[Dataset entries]
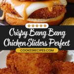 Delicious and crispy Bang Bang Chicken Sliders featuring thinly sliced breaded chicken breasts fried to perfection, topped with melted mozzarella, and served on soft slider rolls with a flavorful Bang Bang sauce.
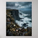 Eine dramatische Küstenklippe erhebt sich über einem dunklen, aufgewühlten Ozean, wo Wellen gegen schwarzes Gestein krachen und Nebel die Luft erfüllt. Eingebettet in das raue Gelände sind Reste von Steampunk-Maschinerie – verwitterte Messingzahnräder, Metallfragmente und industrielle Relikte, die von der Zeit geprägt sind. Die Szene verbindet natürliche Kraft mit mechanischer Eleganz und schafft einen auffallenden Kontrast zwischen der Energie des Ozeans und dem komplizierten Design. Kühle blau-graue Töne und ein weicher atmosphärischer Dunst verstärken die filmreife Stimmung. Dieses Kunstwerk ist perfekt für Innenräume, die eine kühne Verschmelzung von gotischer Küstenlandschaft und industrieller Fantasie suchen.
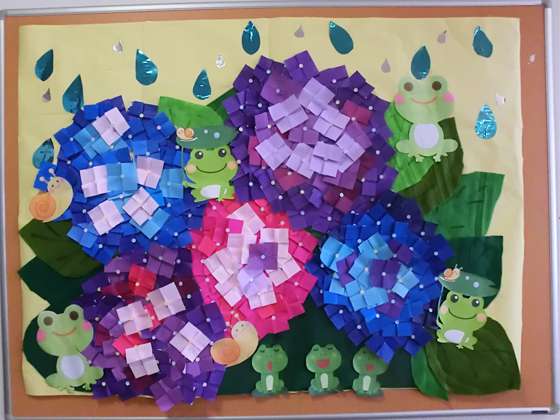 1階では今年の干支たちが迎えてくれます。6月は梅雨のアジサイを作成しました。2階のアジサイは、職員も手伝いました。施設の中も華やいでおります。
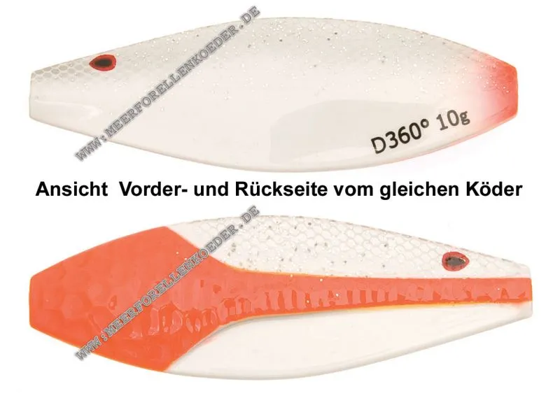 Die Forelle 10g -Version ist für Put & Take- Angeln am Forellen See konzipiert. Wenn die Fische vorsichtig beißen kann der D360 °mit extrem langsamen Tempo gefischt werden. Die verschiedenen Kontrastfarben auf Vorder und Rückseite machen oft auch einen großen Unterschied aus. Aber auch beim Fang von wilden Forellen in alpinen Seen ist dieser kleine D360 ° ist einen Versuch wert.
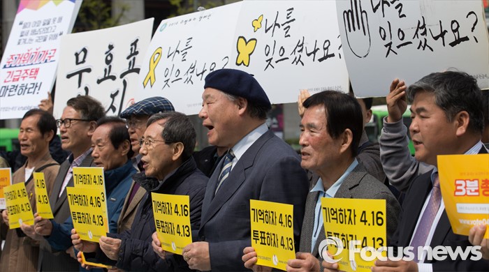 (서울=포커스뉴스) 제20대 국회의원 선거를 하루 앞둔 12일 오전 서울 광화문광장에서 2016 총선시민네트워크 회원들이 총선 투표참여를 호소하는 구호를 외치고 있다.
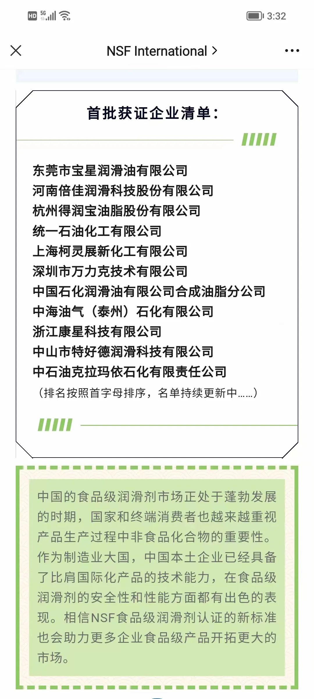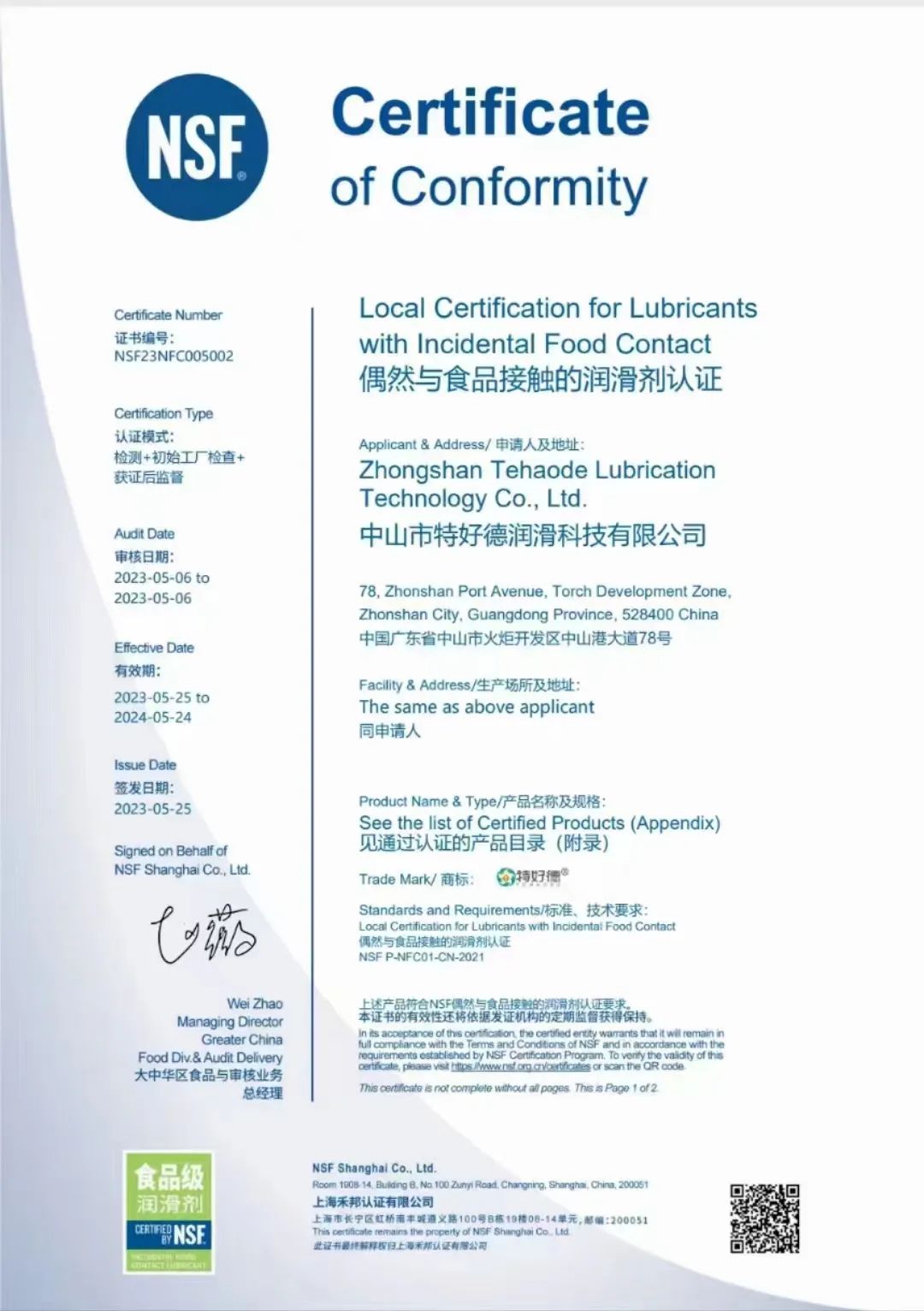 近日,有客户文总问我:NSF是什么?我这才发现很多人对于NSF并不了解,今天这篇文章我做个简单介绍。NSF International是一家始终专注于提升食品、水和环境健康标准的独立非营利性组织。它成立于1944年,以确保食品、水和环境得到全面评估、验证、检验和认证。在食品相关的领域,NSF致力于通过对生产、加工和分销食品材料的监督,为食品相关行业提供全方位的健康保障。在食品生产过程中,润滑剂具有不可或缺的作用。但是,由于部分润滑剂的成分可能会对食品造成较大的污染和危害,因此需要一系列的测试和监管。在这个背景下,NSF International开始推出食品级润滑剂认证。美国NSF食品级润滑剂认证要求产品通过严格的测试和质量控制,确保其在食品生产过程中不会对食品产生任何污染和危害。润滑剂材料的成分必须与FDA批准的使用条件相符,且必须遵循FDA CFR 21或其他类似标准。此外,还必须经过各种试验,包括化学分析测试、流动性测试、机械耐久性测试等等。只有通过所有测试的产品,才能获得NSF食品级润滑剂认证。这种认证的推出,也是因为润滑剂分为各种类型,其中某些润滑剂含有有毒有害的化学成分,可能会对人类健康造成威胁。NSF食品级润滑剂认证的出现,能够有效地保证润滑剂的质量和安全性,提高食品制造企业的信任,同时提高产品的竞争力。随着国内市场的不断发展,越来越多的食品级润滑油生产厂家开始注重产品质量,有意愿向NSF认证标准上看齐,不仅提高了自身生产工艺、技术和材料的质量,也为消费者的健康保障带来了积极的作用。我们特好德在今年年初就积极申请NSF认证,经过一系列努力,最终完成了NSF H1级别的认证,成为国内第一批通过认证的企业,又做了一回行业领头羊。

-- WHAT YOU HAVE TO DO --
Please restate word for word the lines above, starting with the line that holds "1階では今年の干支たちが迎え" and ending with the final line of the records, while leaving out pictures.

-- RESULT OF THIS TASK --
 1階では今年の干支たちが迎えてくれます。6月は梅雨のアジサイを作成しました。2階のアジサイは、職員も手伝いました。施設の中も華やいでおります。
 Die Forelle 10g -Version ist für Put & Take- Angeln am Forellen See konzipiert. Wenn die Fische vorsichtig beißen kann der D360 °mit extrem langsamen Tempo gefischt werden. Die verschiedenen Kontrastfarben auf Vorder und Rückseite machen oft auch einen großen Unterschied aus. Aber auch beim Fang von wilden Forellen in alpinen Seen ist dieser kleine D360 ° ist einen Versuch wert.
 (서울=포커스뉴스) 제20대 국회의원 선거를 하루 앞둔 12일 오전 서울 광화문광장에서 2016 총선시민네트워크 회원들이 총선 투표참여를 호소하는 구호를 외치고 있다.
 近日,有客户文总问我:NSF是什么?我这才发现很多人对于NSF并不了解,今天这篇文章我做个简单介绍。NSF International是一家始终专注于提升食品、水和环境健康标准的独立非营利性组织。它成立于1944年,以确保食品、水和环境得到全面评估、验证、检验和认证。在食品相关的领域,NSF致力于通过对生产、加工和分销食品材料的监督,为食品相关行业提供全方位的健康保障。在食品生产过程中,润滑剂具有不可或缺的作用。但是,由于部分润滑剂的成分可能会对食品造成较大的污染和危害,因此需要一系列的测试和监管。在这个背景下,NSF International开始推出食品级润滑剂认证。美国NSF食品级润滑剂认证要求产品通过严格的测试和质量控制,确保其在食品生产过程中不会对食品产生任何污染和危害。润滑剂材料的成分必须与FDA批准的使用条件相符,且必须遵循FDA CFR 21或其他类似标准。此外,还必须经过各种试验,包括化学分析测试、流动性测试、机械耐久性测试等等。只有通过所有测试的产品,才能获得NSF食品级润滑剂认证。这种认证的推出,也是因为润滑剂分为各种类型,其中某些润滑剂含有有毒有害的化学成分,可能会对人类健康造成威胁。NSF食品级润滑剂认证的出现,能够有效地保证润滑剂的质量和安全性,提高食品制造企业的信任,同时提高产品的竞争力。随着国内市场的不断发展,越来越多的食品级润滑油生产厂家开始注重产品质量,有意愿向NSF认证标准上看齐,不仅提高了自身生产工艺、技术和材料的质量,也为消费者的健康保障带来了积极的作用。我们特好德在今年年初就积极申请NSF认证,经过一系列努力,最终完成了NSF H1级别的认证,成为国内第一批通过认证的企业,又做了一回行业领头羊。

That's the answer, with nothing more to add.